= Gwinnett College =

For-profit college in Georgia

Gwinnett College is a for-profit college with its main campus in Lilburn, Georgia.

==History==
Gwinnett College was founded in Lilburn, Georgia in July 1976, by its past president Ruby B. Jackson, as an answer to the tremendous growth being experienced in the North Atlanta, Georgia area and by Gwinnett County in particular.

==Academics==
The school offers associate degrees and certificates.

==Accreditation==
Gwinnett College is accredited by the Accrediting Council for Independent Colleges and Schools, and is approved by the US Department of Education. Gwinnett College is also authorized to operate by the Georgia Nonpublic Postsecondary Education Commission.

==Sandy Springs campus==
Formerly known as the Rising Spirit Institute of Natural Health, Gwinnett College - Sandy Springs (GCSS) is located in Sandy Springs, Georgia, a suburb of the Atlanta, Georgia metropolitan area. It offers diplomas and certificates in massage therapy, medical assisting and medical office administration.

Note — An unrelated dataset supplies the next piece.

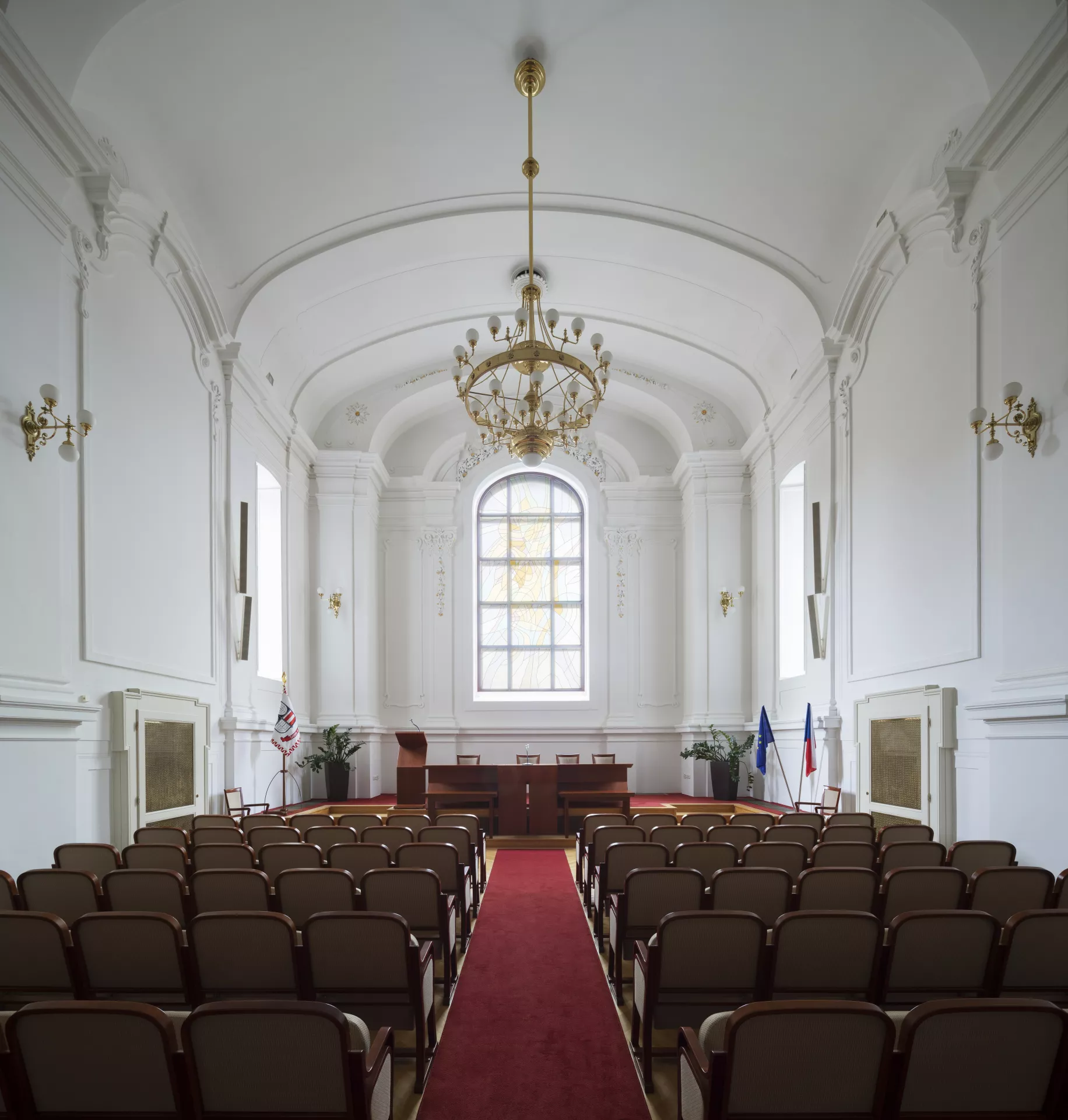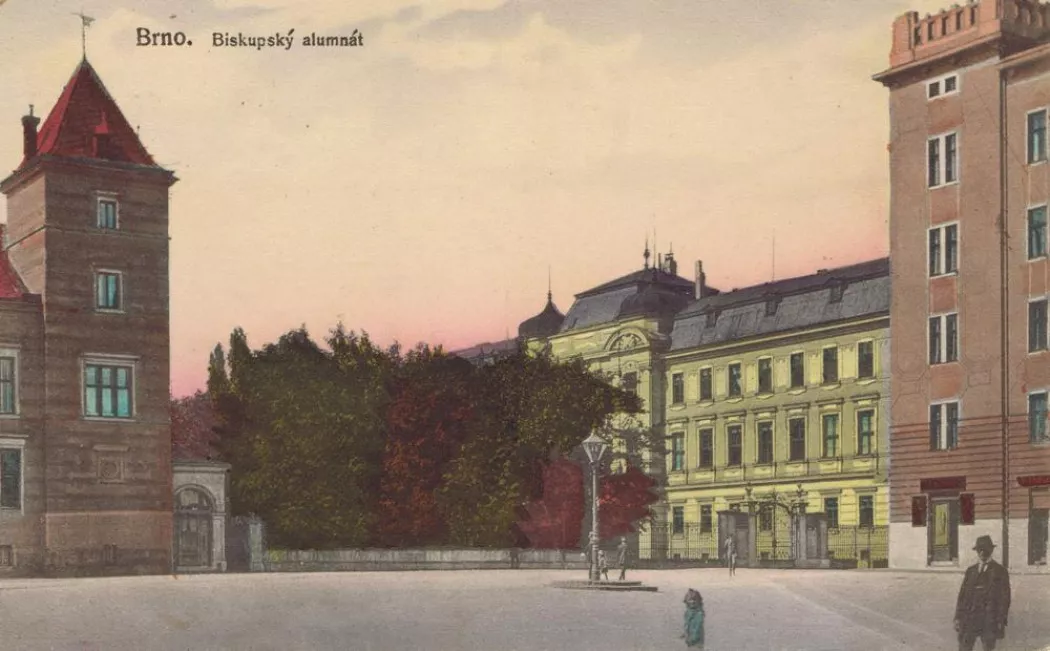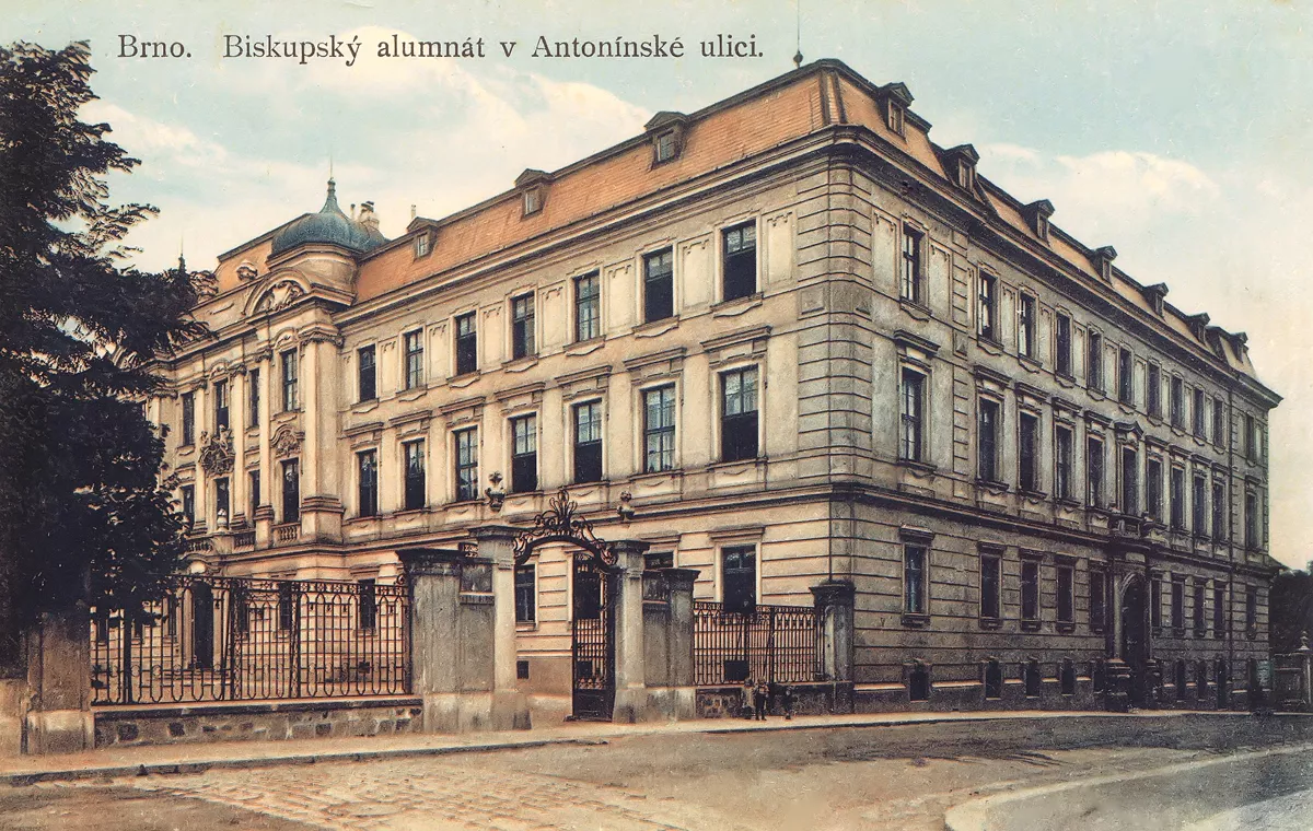 The bishop’s seminary (alumneum) for the education and spiritual formation of future priests was founded in Brno in 1807 by the third Bishop of Brno, Vinzenz Joseph von Schrattenbach. To this end, he acquired the building of the former Dominican monastery by St. Michael’s Church. Over time, this building proved unsuitable on account of its size, and so in 1901–1903, at the initiative of the seminary’s regent, professor Josef Pospíšil, and under the auspices of the eighth Bishop of Brno, František Saleský Bauer, a new seminary was built on land acquired from the city of Brno. First proposed in 1889, the construction project was supported not only by the municipal and provincial administrations but also by the central authorities in Vienna: the Ministry of Culture and Education provided a subsidy, and the Ministry of the Interior, specifically its Department of Civil Engineering under the leadership of architect Emil von Förster, supplied the plans for the building. An important source for determining the plans’ authorship is an article in a 1905 issue of Allgemeine Bauzeitung, in which Förster states that, after an architectural brief had been elaborated, a draft plan was drawn up by the technical office of the Moravian governorship. When his department’s staff received it for assessment, they reworked it ‘in simple Baroque forms’. The engineer Rudolf Bauer then put it into project form under Förster’s guidance. As there was a financial limit of 600,000 crowns for construction costs, the project had to be scaled back before it was eventually accepted by the Ministry of Culture and Education. Bauer was not able to supervise construction, for he died shortly before it began on 15 August 1901. The engineer Josef Matzenauer from the technical department of the Moravian governorship took charge of the construction, and as he had not designed the project himself, all the detailed plans were supplied by Förster’s department. The construction contract was won by the Brno builder Antonín Tebich, who, despite earlier information to this effect, did not have a hand in its design. The seminary’s plans were presented at the 1900 Paris Exposition, though in its more elaborate form before it was scaled back for financial reasons. The building served as a school and residence for 100 seminarians, which was the maximum capacity (numerus fixus) laid down in 1908. The four-wing, three-storey building with mansard roofs is situated on the edge of a former city cemetery, from which several gravestones were left in the seminary garden as contemplation aids (not preserved). The building has a large park enclosed by a wall, with a fountain in the middle (and, today, an underground car park). The property comprises an entire block bounded by Antonínská, Botanická, Smetanová and Kounicová Streets. The Neo-Baroque forms promoted by Emil von Förster were intended as references to the prosperous era of the Catholic Austrian Empire in the 18th century. The rectangular building’s facade, with restrained decoration in the tradition of the classicist Theresian Baroque, is accentuated by a central avant-corps with two tower-like protrusions flanking a portal with a balcony and a cartouche with the coat of arms of Bishop Bauer. Another prominent feature is the arched side portal on Antonínská Street, inspiration for which can be found in the radical Roman Baroque or, more specifically, in architects who drew on this style. Projecting from the garden wing, the second floor of which was built in 1935–1936, is a two-storey central avant-corps with the chapel of Sts. Cyril and Methodius (who were depicted in the stained glass above the altar). In 1911–1913, a new altar was built, murals were painted according to a design by Karel Ludvík Klusáček, and four paintings by Klusáček were hung in Neo-Baroque frames. Since being converted into an auditorium, the only reminders of the chapel’s original purpose are the organ loft and stucco decoration. During both World Wars, the seminary was used as a military hospital and barracks. In 1919–1932, a part of the building was occupied by Masaryk University’s Faculty of Law. The communists closed the seminary in 1950, and the building was later taken over by Brno University of Technology. Since its renovation in 1998–1999, when the courtyard was covered in a glass roof and two toilet shafts were added, the building has housed the university’s rectorate. Aleš Filip

As of January 2013, enrollment at GCSS is 126, with tuition listed at $11,995 per year.

===History===
Gwinnett College – Sandy Springs was founded as the New Life Institute in 1994 by Bruce and Marti Costello, and later renamed to the Rising Spirit Institute in 2000. It was founded as a school for massage therapy, with the specialty program being Neuromuscular Therapy. It was acquired by Gwinnett College in 2006. In October 2008, the name was changed to Gwinnett College – Sandy Springs, and two new programs of Medical Assisting and Medical Office Administration were added.

===Accreditation===
GCSS is accredited by the Accrediting Commission of Career Schools and Colleges, and is approved by the US Department of Education.
GCSS is also approved to operate by the Georgia Nonpublic Postsecondary Education Commission.